Hikmet Aksoy

Ulus heyecanı ve demokrasi iklimi...

Hikmet Aksoy

Henüz tarihi açıklanmadı. Yerel seçimler için kimileri Mart 2019'u işaret ediyor.

Kimileri de "Erken seçim olacak" diyor.

Farkındasınızdır elbet, yıllardır "seçim zinciri"ne bağlanmış bir ülkede yaşıyoruz.

Al aşağı seçim...

Kaldır kolları yukarı seçim... Bitmeyen bir horon sanki.

Niçin?..  

Siyasetçi kazansın...

Ülke?..

***

Gelecek üzerine "gez-göz-arpacık" yapıp isabetli atış yapmayı bir türlü akıl edemiyoruz.

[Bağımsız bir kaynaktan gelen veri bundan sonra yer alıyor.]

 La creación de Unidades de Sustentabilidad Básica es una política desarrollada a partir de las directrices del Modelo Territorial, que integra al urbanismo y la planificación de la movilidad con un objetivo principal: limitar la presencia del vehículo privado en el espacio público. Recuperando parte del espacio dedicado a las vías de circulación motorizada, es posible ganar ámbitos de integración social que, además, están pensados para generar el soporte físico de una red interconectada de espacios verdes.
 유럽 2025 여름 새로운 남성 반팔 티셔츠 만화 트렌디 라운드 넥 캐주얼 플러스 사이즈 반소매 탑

Bu da bizim siyaset hünerimiz mi dersiniz?

Örneğin, 2023 hedef oluyor... Ki doğrudur. Cumhuriyet'e kavuşumuzun 100. yılı...

2071 de hedef seçiliyor. Malazgirt Zaferi, 1000. yıl malum...

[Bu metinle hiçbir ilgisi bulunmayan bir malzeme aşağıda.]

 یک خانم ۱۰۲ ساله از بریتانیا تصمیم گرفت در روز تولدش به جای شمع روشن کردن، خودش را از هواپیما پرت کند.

Ama, daha önde bulunan hedefler "gez-göz-arpacık" hedefine girmiyor, nedense...

Miyop  muyuz?

Tıbbi anlamda değil de; "siyasal miyop"luk mu yoksa bizimkisi?

Şurada 2019 yılına ne kaldı?

"Karagün" olarak İzmir'in düşman tarafından işgalinin 100. yılı 15 Mayıs 2019'da...

O işgali ulusça anımsayıp, o günlerin "ulusal heyecanı"nı bugüne taşıyarak birlik/beraberlik ruhunu niçin yeniden yaşamayalım?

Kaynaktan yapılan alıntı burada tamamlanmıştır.